Erinah Babirye and the Quaternary.
Erinah Babirye’s work is about plants, she paints leaves and flowers in a variety of colors and forms, she abstracts some and “figurates” others, the work attempts to examine the history and memory of the plant outside its utility, our encounter with nature as with all between man kind and the environment is one of expropriation of plant and animal life, the lives of ecologies are tied to some utility now, either as food, raw material or entertainment, these ecologies possess no territory or scope of self-determination, it is clear now that natural life is at the mercy of human activity, there is an underlying violence waged by both sides: man and nature. The violence of nature is an innate raw power but that of man is premeditated channeled and focused, the violence of man has been pointed at some level of control, (taming dogs, killing off mosquitos, roads and other acts) the goal of man’s level of violence is in effect to control and make nature convenient, but in the recent past man has achieved more than that in some spaces nature has been completely eradicated and in its place an artificiality has arisen where all interactions with the physical have gone through a series of filters and these sieve materials, sounds, smells and sights to create environments that are fully artificial.
The violence that most Ugandans have had as a community was that which nature could handle, our tools did not have the power to significantly terraform, they provided food, shelter from materials that were not significantly processed and clothes that were in essence still a stage in raw material, the violence exercised against nature had some sort of primal balance to it, there was a directness in the way violence against nature was meted, there was always contact, it was primal and regenerative, it was always young and the land never changed, it was eternal, you never outgrew your home, it carried you forever. The violence being meted out after the colonial project significantly differs, industrialization could change the landscape in permanent ways repeatedly, this is not to say that the expropriation by the natives here was in a way justified and “purer” 1 they simply did not possess the tools to scale the violence. The default for human beings at various stages of civilization is a form of extraction of resources, that is what it takes to survive, but we are past surviving, scarcity is no longer the problem (there is irony in this statement, but for now take it in the context of perpetual expansion).
The point with all this to analyze the direction of discourse as far as art is concerned (at least here in Uganda) the predominant message is that as a race we have been so evil in our relation to the earth and that the violence we have committed is overwhelming, and that we need to rein ourselves in to stop the calamity that is inevitable if we don’t. however there is opposition to this, some feel like we as a community have not extracted enough from nature to give up, most developed societies reached levels of artificiality we have not, there are glaring technological and infrastructure gaps and while this version of progress may not necessarily be the best, most people want that, they feel that asking them not to drive a car, or build a smaller house is “unfair” in a way, that they are being denied the dream of progress.

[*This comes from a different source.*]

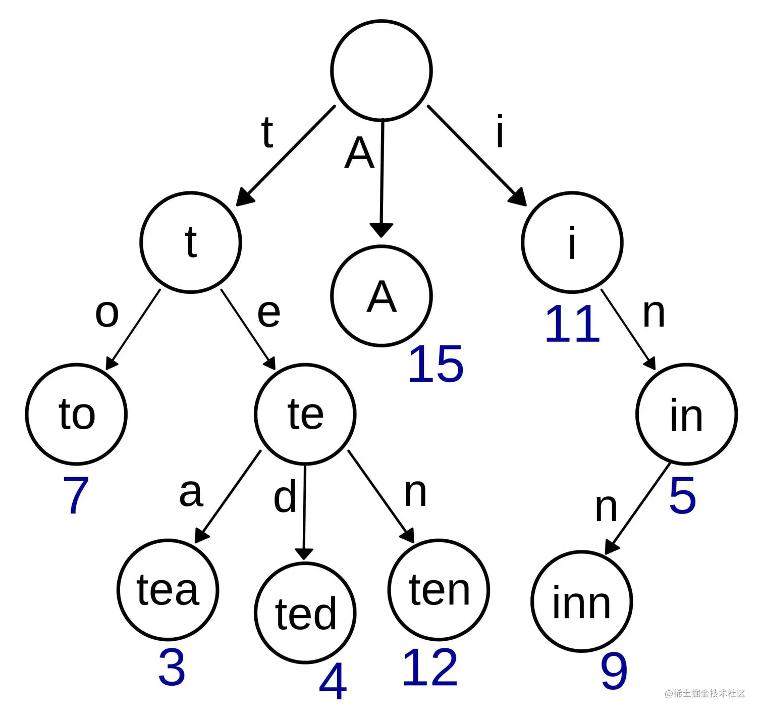对于一般字典树(Trie),每条边是由一个字母组成,同样可以从维基百科中的示例图中看出字典树的一般规律:

Art practices that arrive at the point of critique of consumption for a populace that does not feel like they have consumed of course fails to even garner contempt, it is dismissed, no one (local) engages with it on any meaningful level, and maybe this brings us back to the issue of violence, there is no doubt whatsoever at least locally on where the control of natural resources lies and it is not with the sensitive and rational, it is with the violently greedy, the artist can only do so much.